Labels for navigation sections

Since identification of navigation sections are crucial for search quailty, SiteSeeker supports the possibility to mark up which part of the text is navigation, which SiteSeeker then excludes when indexing the page. With labelling, you can make sure that only relevant words are indexed, you achieve maximum search accuracy and text snippets that are always representative.
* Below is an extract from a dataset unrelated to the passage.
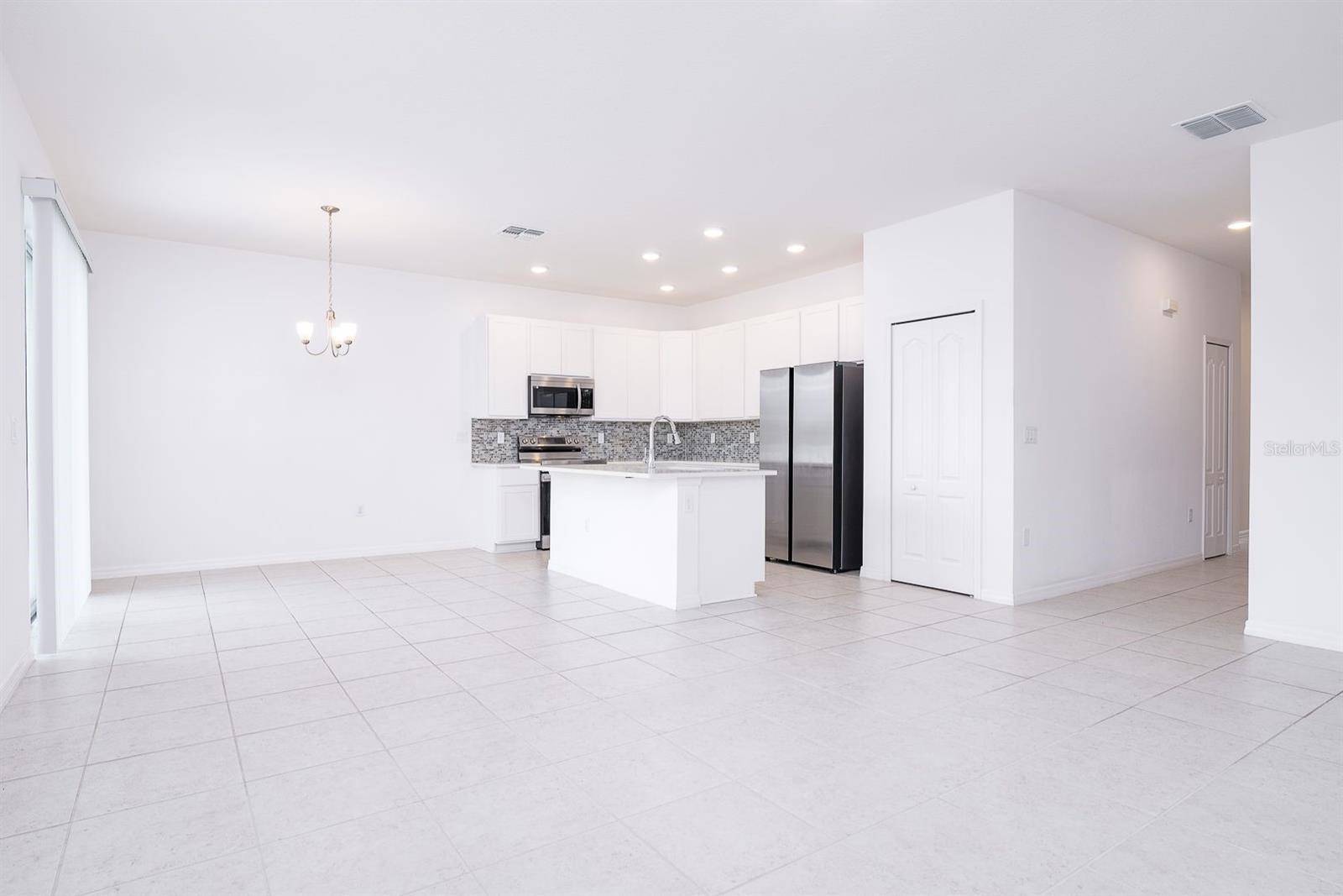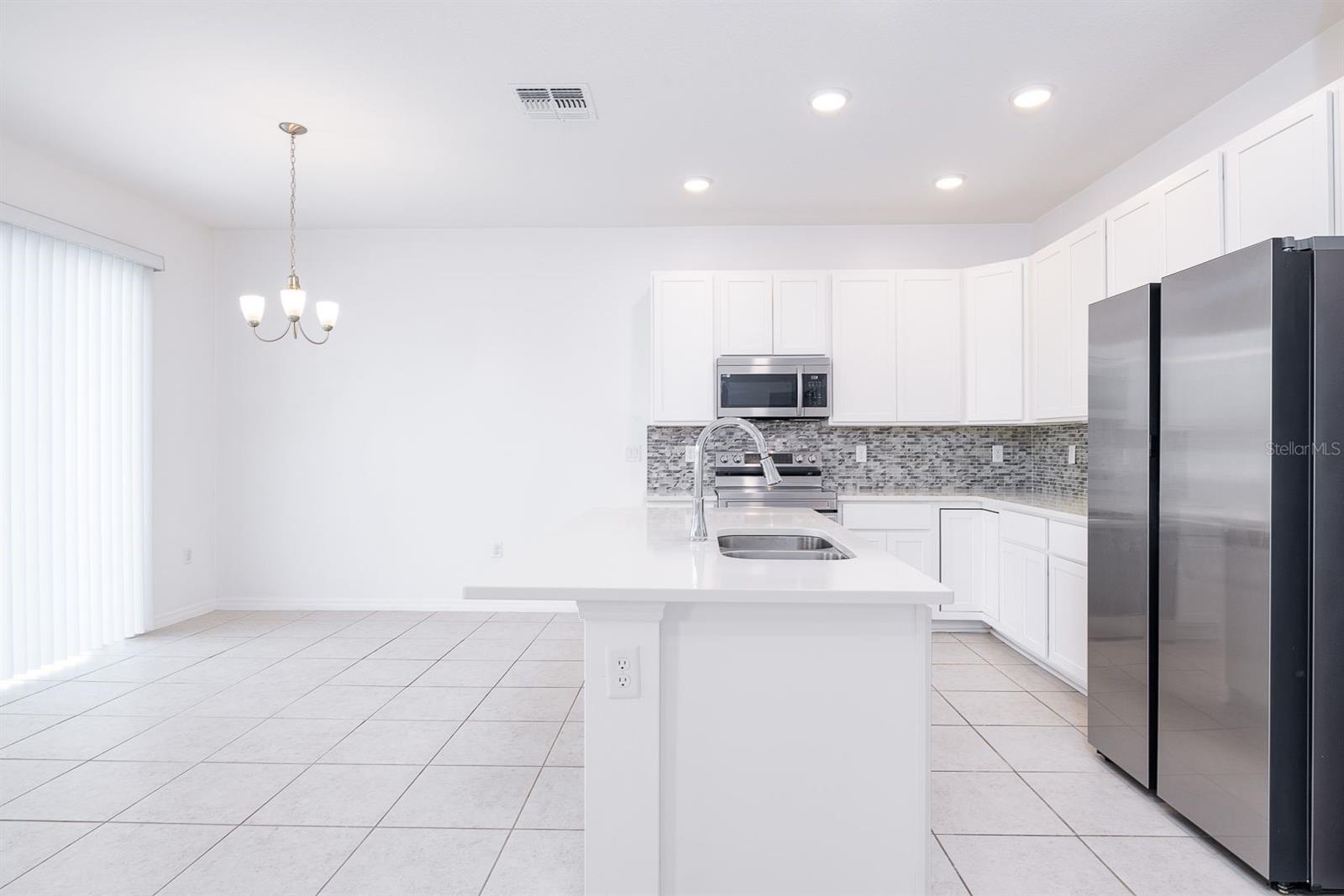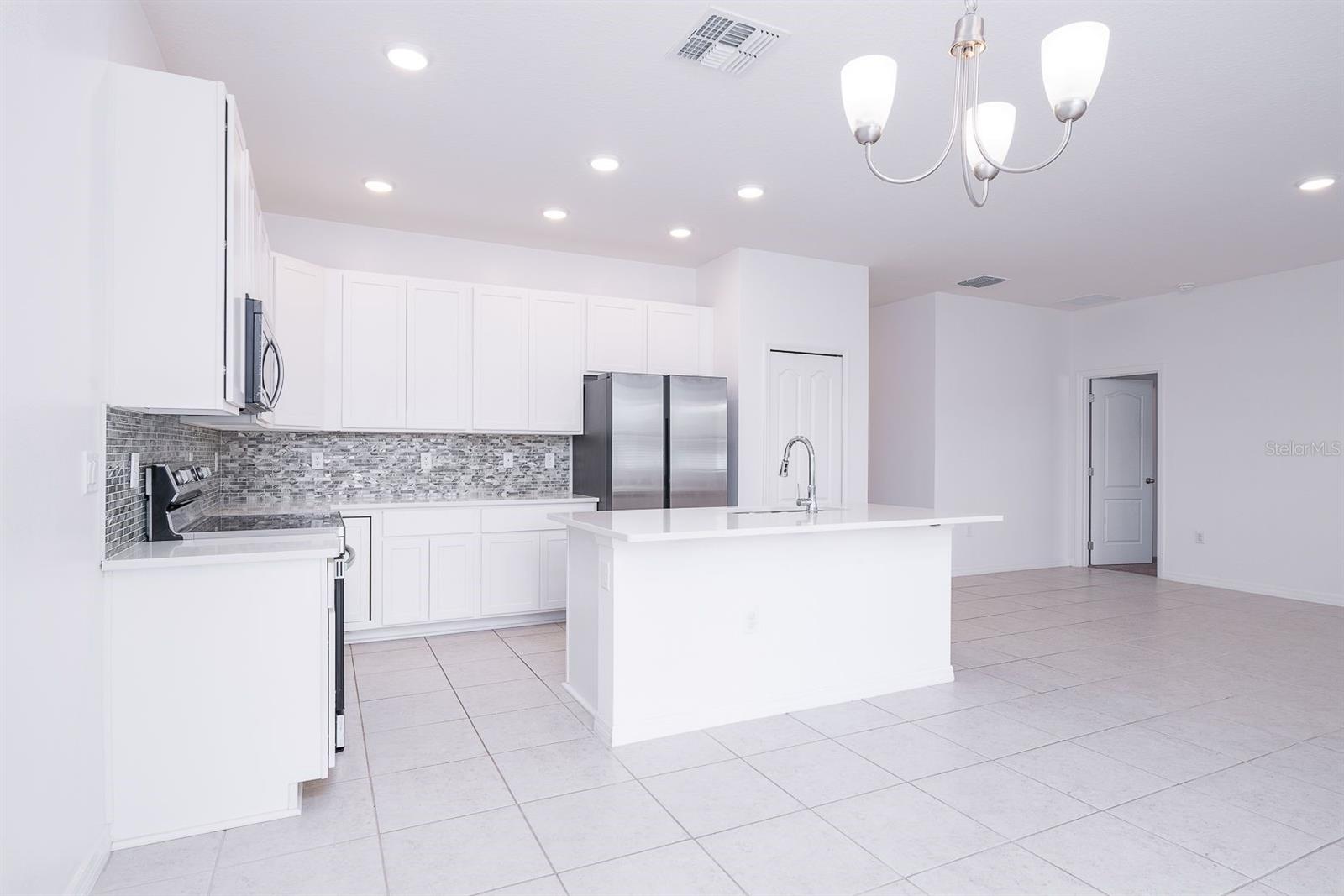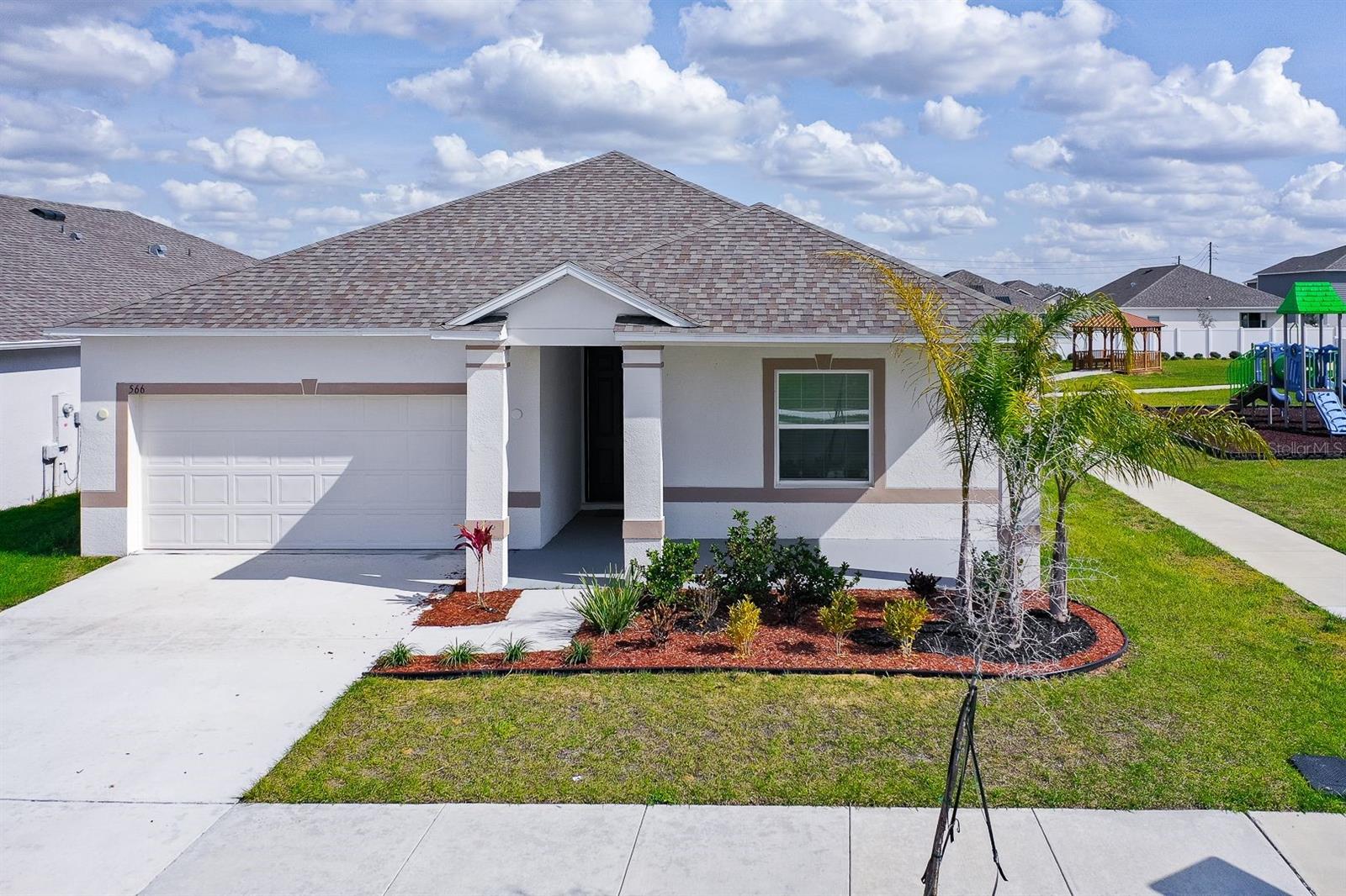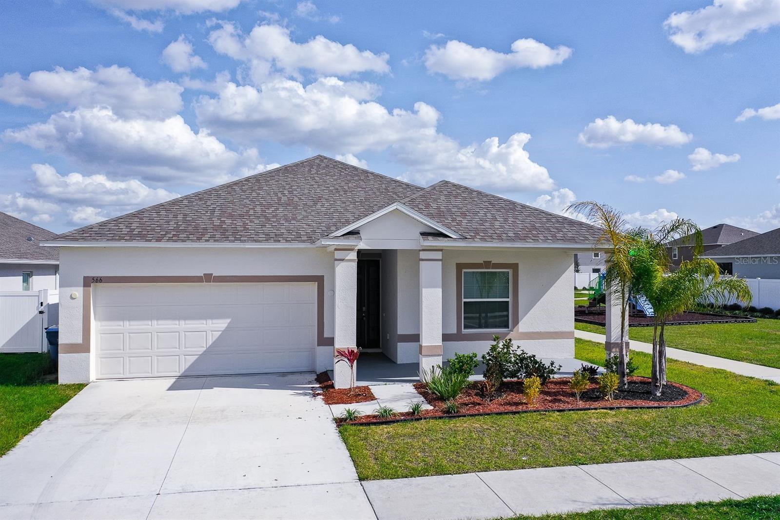 Welcome to this beautifully maintained single-story home in the desirable Calabay Crossing community! Built in 2023, just minutes away from DISNEY WOLD PARK ATTRACTIONS! LOW HOA! This place is perfect for you, cute corner property features 3 large bedrooms, 2 bathrooms, 2-Car Garage. Natural light dances through the open living and dining areas, creating a warm and inviting atmosphere complemented by modern fixtures and finishes. Open floor plan, the floors include tile on the floors. Kitchen appliances including a Modern stainless-steel appliance with Double Door Refrigerator, spacious stylish cabinets, and countertops. Convenient breakfast bar perfect for fueling up before a day of Disney Adventures. All bedrooms include carpet and are a good size. The master bedroom has a big walk-in closet, a private bathroom, shower, sinks, and modern finishes providing a relaxing retreat after a long day. The laundry is inside. Step outside into you're the best thing is that next to the house is the social area, playground. Calabay Crossing community is a new and small community of only 38 homes sites, which provides the perfect place to call home! Families will appreciate the proximity schools, securing an excellent education. Beyond the home's comforts, the location offers easy access to local amenities, shopping centers, dining options, schools, hospitals, with the added charm of being close to the magic of Walt Disney World. The allure of living near the iconic theme park adds an extra layer of enchantment to this already desirable property. Very convenient location very short driving distance to I-4 to Orlando, Tampa is very close to visit Bush Garden, and the beach. Excellent, excellent location! Hurry up and enjoy Florida at its best! Schedule your showing today!

This adjustment can be made in the website templates when using a content management system. In this case, the adjustment is quickly done and you do not need to edit every document on the website.

The labels are made up of two special comments that specifies the beginning and end of the undesired section. Here follows an example where the only sections to be indexed by SiteSeeker are those outside of the blue comments:

    Headline; preamble; some body text...
    <!--eri-no-index-->
    menu item 1, menu item 2, etc
    <!--/eri-no-index-->
    more body text...
    <!--eri-no-index-->
    footer text...
    <!--/eri-no-index-->

Please note that links within a section enclosed by <!--eri-no-index--> works as normal and that link texts are associated with the linked documents. In this way, SiteSeeker's analysis of the link structure can contribute to the relevancy of the hits.

Please note that <!--eri-no-index--> och <!--/eri-no-index--> must be located in the BODY section of the web page in order to function properly. No text from the HEAD section except the title is displayed in the text snippets. Text in the meta description (Description) can if desired be displayed in the result list; you find the relevant setting in SiteSeeker Admin.

If you place labels around text sections in different blocks or controls in your CMS and insert them into different documents, you can nest <!--eri-no-index-->-sections.

If a page can be found by searching for a word that only occurs within a <!--eri-no-index-->-section, the reason could be that the word is also part of:

  • Hidden meta information for the document, e.g. among keywords or description
  • Link texts in other documents that are referring to the document
  • The URL of the page
  • A different inflectional form, in some other part of the text, in the meta information, in a link text or in the URL.

If all of the above cases can be ruled out, please contact SiteSeeker support.